Его захлестнула волна нежности. «Таня, моя милая! Мы нашли друг друга в равнодушном и пустом мире. Наша встреча и любовь – такое чудо!
Родная! Ты совсем извелась без меня и измучилась в одиночестве. А я часто бывал таким невнимательным».
Он вспомнил ночь, недавно проведенную с Татьяной. Василий пришел на свидание с экзамена по физике, и время дальше принадлежало им. Утихли ласки. Он лежал опустошенный и усталый. В окно врывалась ночная тьма бульвара. Рассвет еще не наступил. Шел август. На плечи наседала осень. Татьяна была рядом, но ласковые руки не трогали его виски, а губы не целовали в глаза и лоб. Он слышал недовольный голос:
– Вася, я больше не могу так! Одна, всегда одна! Бросай свою противную медицину. Только дураки учатся. Люди живут! Мы столько мучились в лагере и заслужили право на счастье! У нас есть все – и деньги, и любовь. Целое царство любви! Денег нам хватит, хватит! Я богатая невеста. Уедем на месяц из Москвы. Будем вдвоем, всегда вдвоем! Вася! Васенька!
В нем поднялось раздражение:
«Опять свое запела!»
Почувствовав, что не достигает цели, балерина прибегла к испытанному средству:
– Вася! Разве тебе плохо со мной? Любимый, иди ко мне! – Она прильнула к Василию своей влекущей грудью. Он не остался равнодушным и отозвался на зов любви. Кружилась голова. Пришла минута счастья. Ее венцом был сладкий стон Татьяны. В прошлые дни этот звук не раз оглашал комнату. Он вырывался сквозь приоткрытое окно и разгонял на миг ночную мглу бульвара. Потом звучали слова любви, мольбы и клятвы. Василий отгонял их и погружался в сон.
Иголкин вспомнил, что в то утро он долго спал и сам не пробудился. Его трясла Татьяна:
– Вася, как не стыдно столько спать! Сейчас же вставай и отправляйся жарить яичницу!

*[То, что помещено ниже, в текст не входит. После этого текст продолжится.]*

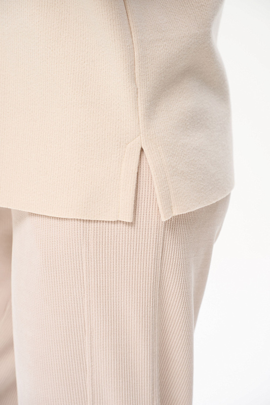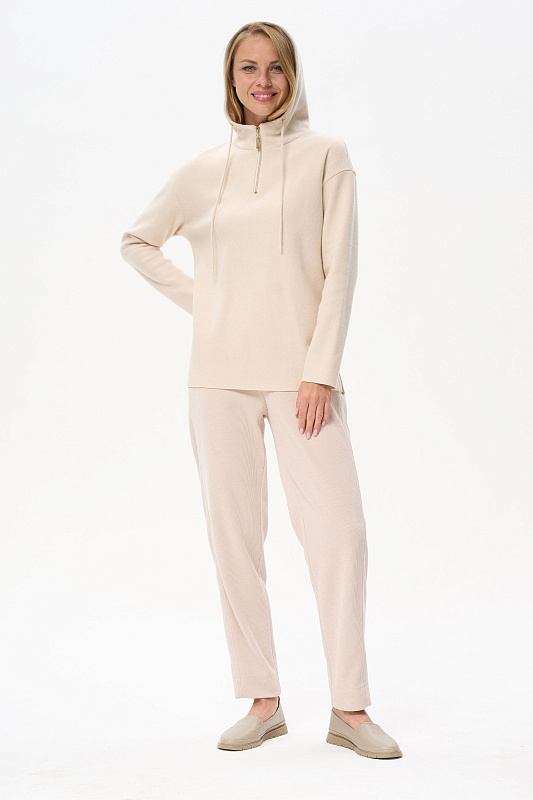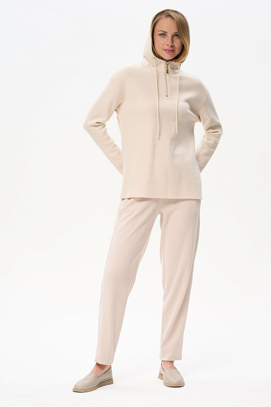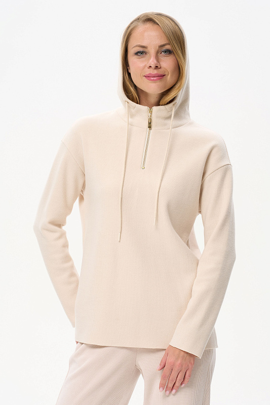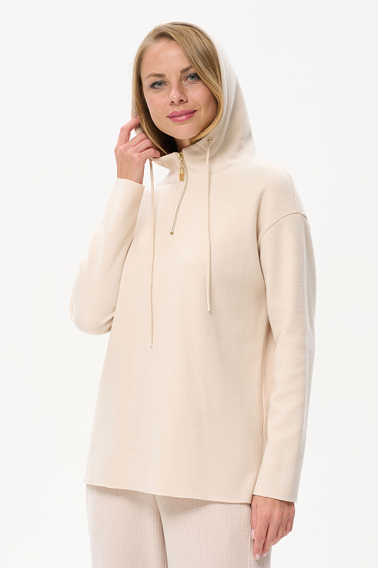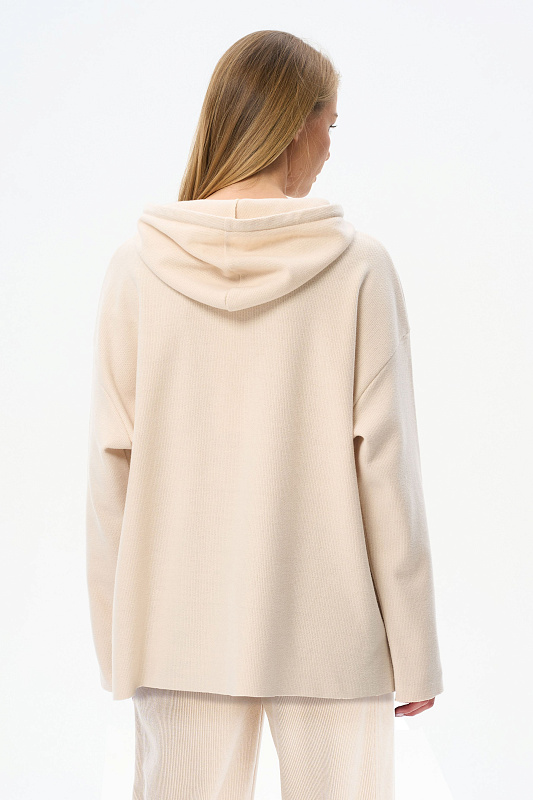 Джемпер свободного силуэта из вязаного вискозного полотна с капюшоном. Спущенная линия плеча, втачные длинные рукава. По низу боковых швов разрезы. Рост модели на фото 178 см.

Василию не хотелось подниматься. Распоряжение балерины вызвало протест:
– Сегодня готовить яичницу твоя очередь. Иди! А я еще поваляюсь.
Татьяна была обескуражена. Она не знала, что очередь готовить пищу может приходить и к ней. Надувшись, балерина отправилась на кухню. Она не задержалась там.

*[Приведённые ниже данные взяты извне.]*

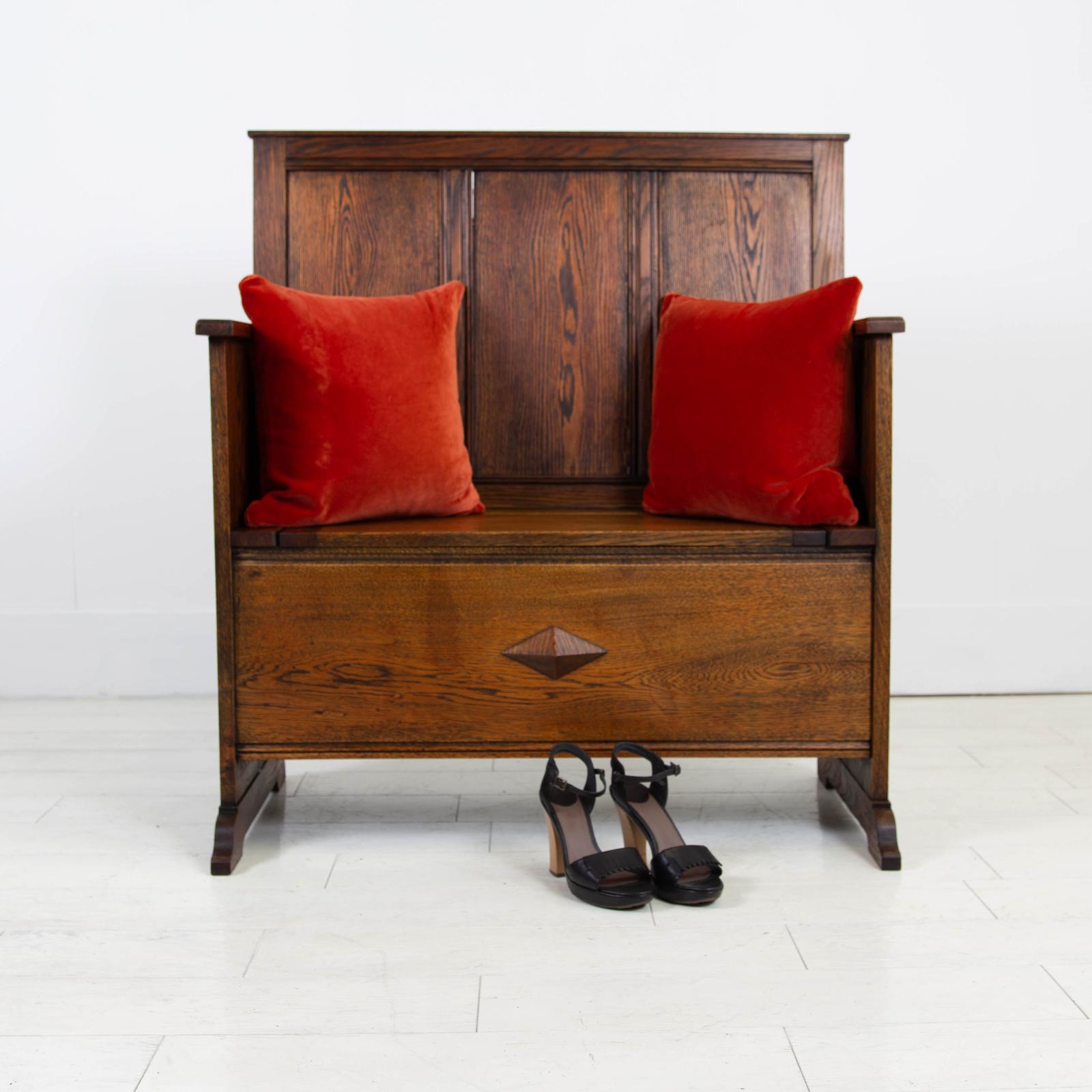 Arts & Crafts Oak Hall Seat with Storage c.1920

– Вася, у меня не зажигается примус! – От ее рук шел запах керосина.
– Ты не можешь научиться делать самые простые вещи! – с досадой ответил он, поднимаясь с постели.

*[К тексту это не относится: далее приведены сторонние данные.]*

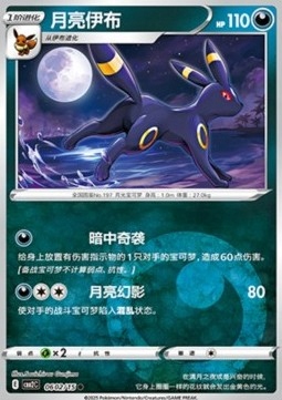 Умбреон рухається в тіні - буквально. Це темна еволюція, яка активує свої здібності у світлі місяця. Тихий і спокійний, але здатний швидко взяти під контроль бійку. Загадковий, відданий і сильний.

Иголкин не хотел больше вспоминать о происшедшем. Было стыдно за свои мысли и поступки. Он опешил:
«Я никогда ее больше не обижу! Буду всегда внимательным и добрым!»
На секунду Василия охватила тревога: «Тане не нравилась затея с поступлением в медицинский институт. Как она отнесется к тому, что я буду заниматься медициной? – Но И голкин отбросил сомнения. – Она все поймет и обрадуется. Я добился своего и победил. Женщины любят сильных и преклоняются перед победителями!»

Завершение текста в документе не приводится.